ACTIVITY
What you return should match the data below exactly, with no pictures in it.

=== DATA PROVIDED ===

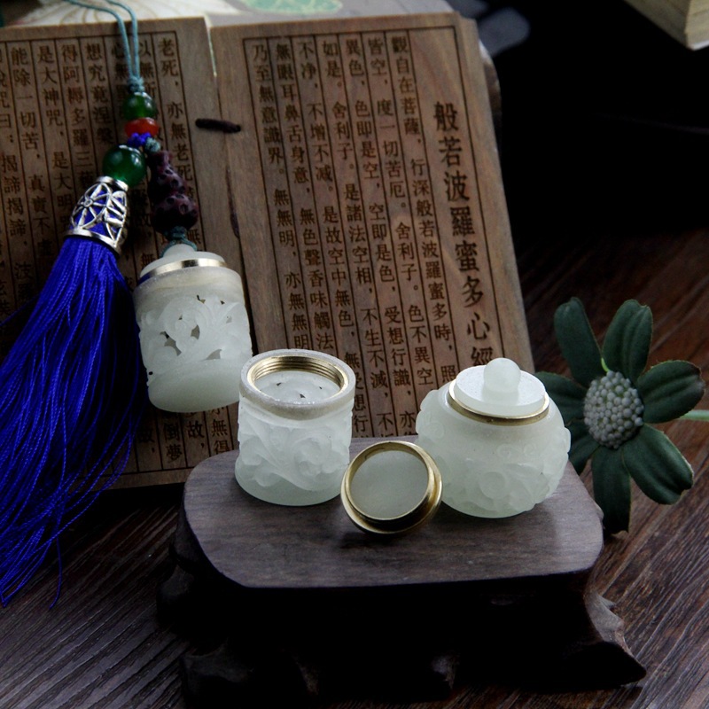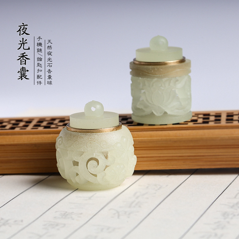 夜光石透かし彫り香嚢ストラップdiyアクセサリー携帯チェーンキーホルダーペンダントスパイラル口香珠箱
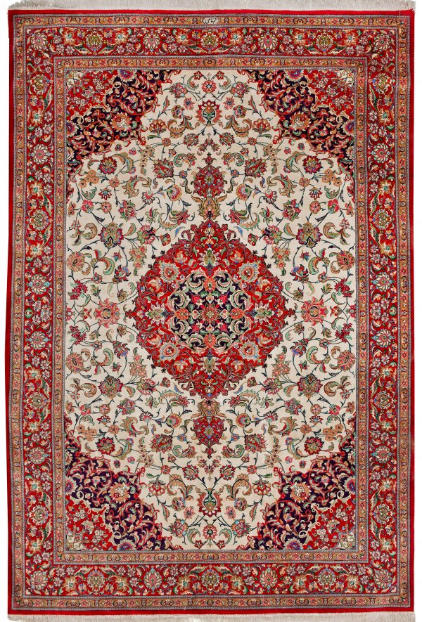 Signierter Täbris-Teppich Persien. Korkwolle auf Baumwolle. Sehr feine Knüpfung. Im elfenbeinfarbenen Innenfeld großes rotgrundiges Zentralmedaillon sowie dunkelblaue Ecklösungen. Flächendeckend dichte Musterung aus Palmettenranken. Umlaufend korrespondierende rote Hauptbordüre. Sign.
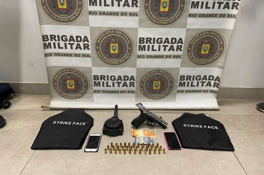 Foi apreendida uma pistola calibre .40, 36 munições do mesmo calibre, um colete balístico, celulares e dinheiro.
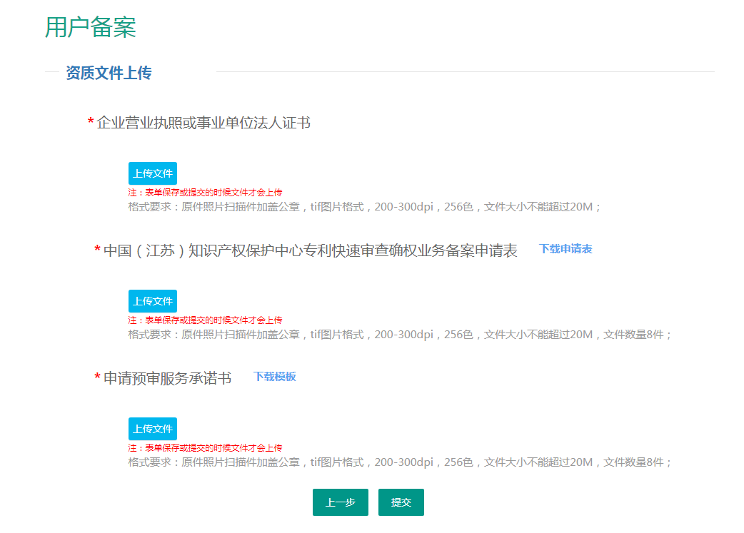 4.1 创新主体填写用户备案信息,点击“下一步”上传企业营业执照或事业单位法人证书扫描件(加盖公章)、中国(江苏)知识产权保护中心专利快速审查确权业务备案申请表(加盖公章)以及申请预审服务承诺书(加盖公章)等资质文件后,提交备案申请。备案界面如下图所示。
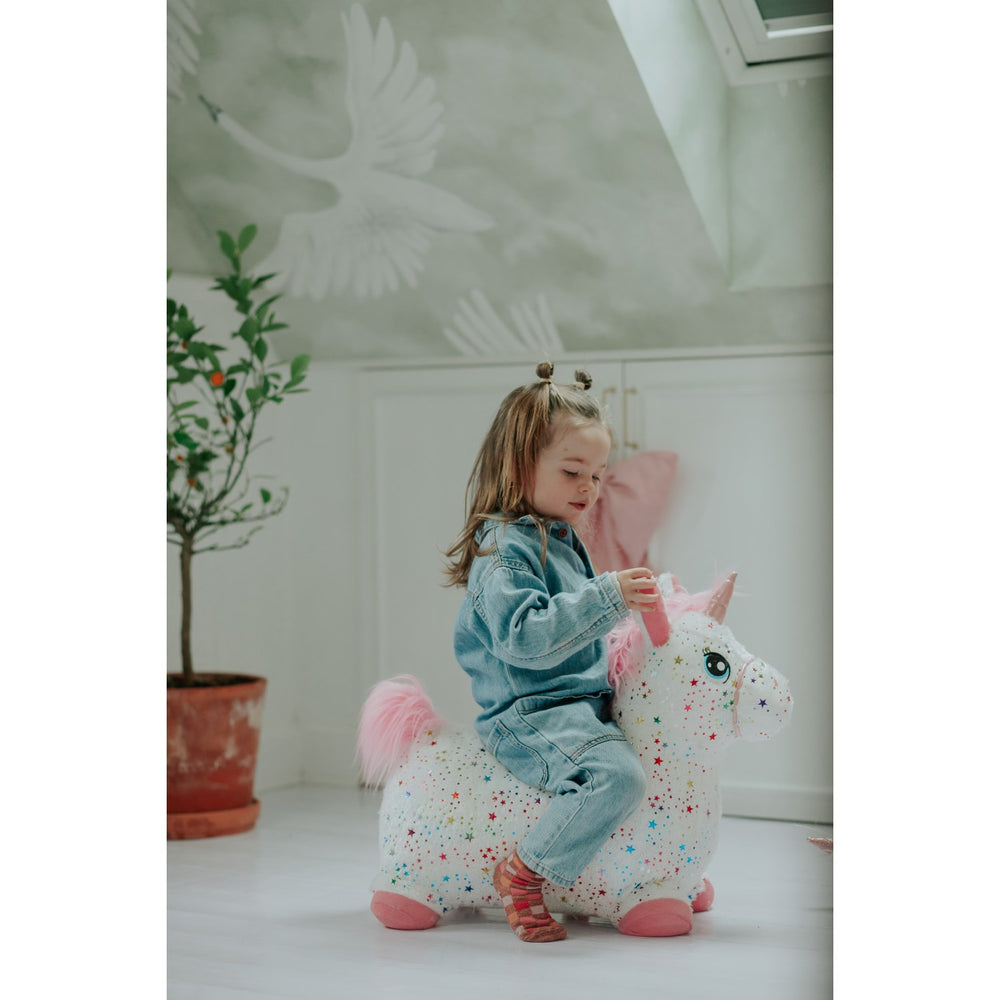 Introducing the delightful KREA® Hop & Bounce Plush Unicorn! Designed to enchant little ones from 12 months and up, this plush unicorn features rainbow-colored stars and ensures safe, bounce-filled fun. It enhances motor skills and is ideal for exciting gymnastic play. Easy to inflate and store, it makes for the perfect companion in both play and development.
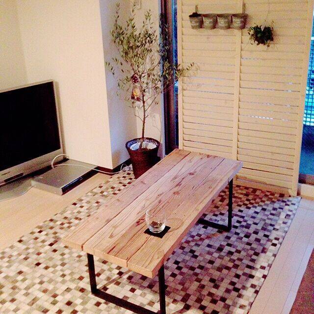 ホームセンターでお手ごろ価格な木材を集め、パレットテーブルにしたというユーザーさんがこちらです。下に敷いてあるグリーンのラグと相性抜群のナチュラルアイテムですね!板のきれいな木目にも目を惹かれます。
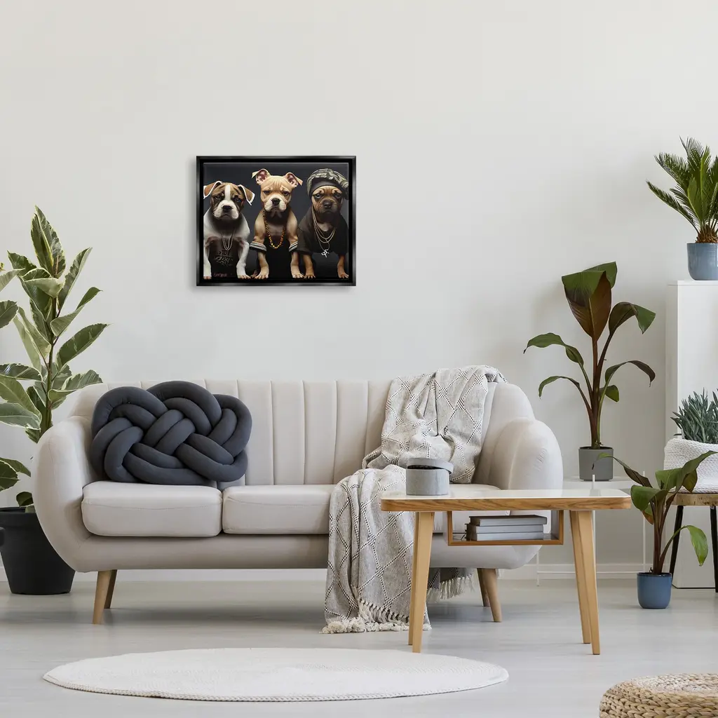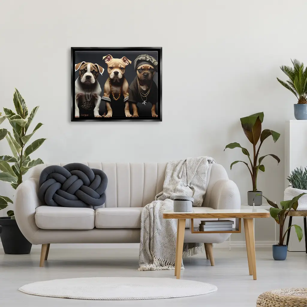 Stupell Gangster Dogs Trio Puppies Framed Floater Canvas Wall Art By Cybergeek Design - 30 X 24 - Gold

===

EXPECTED ANSWER
 夜光石透かし彫り香嚢ストラップdiyアクセサリー携帯チェーンキーホルダーペンダントスパイラル口香珠箱
 Signierter Täbris-Teppich Persien. Korkwolle auf Baumwolle. Sehr feine Knüpfung. Im elfenbeinfarbenen Innenfeld großes rotgrundiges Zentralmedaillon sowie dunkelblaue Ecklösungen. Flächendeckend dichte Musterung aus Palmettenranken. Umlaufend korrespondierende rote Hauptbordüre. Sign.
 Foi apreendida uma pistola calibre .40, 36 munições do mesmo calibre, um colete balístico, celulares e dinheiro.
 4.1 创新主体填写用户备案信息,点击“下一步”上传企业营业执照或事业单位法人证书扫描件(加盖公章)、中国(江苏)知识产权保护中心专利快速审查确权业务备案申请表(加盖公章)以及申请预审服务承诺书(加盖公章)等资质文件后,提交备案申请。备案界面如下图所示。
 Introducing the delightful KREA® Hop & Bounce Plush Unicorn! Designed to enchant little ones from 12 months and up, this plush unicorn features rainbow-colored stars and ensures safe, bounce-filled fun. It enhances motor skills and is ideal for exciting gymnastic play. Easy to inflate and store, it makes for the perfect companion in both play and development.
 ホームセンターでお手ごろ価格な木材を集め、パレットテーブルにしたというユーザーさんがこちらです。下に敷いてあるグリーンのラグと相性抜群のナチュラルアイテムですね!板のきれいな木目にも目を惹かれます。
 Stupell Gangster Dogs Trio Puppies Framed Floater Canvas Wall Art By Cybergeek Design - 30 X 24 - Gold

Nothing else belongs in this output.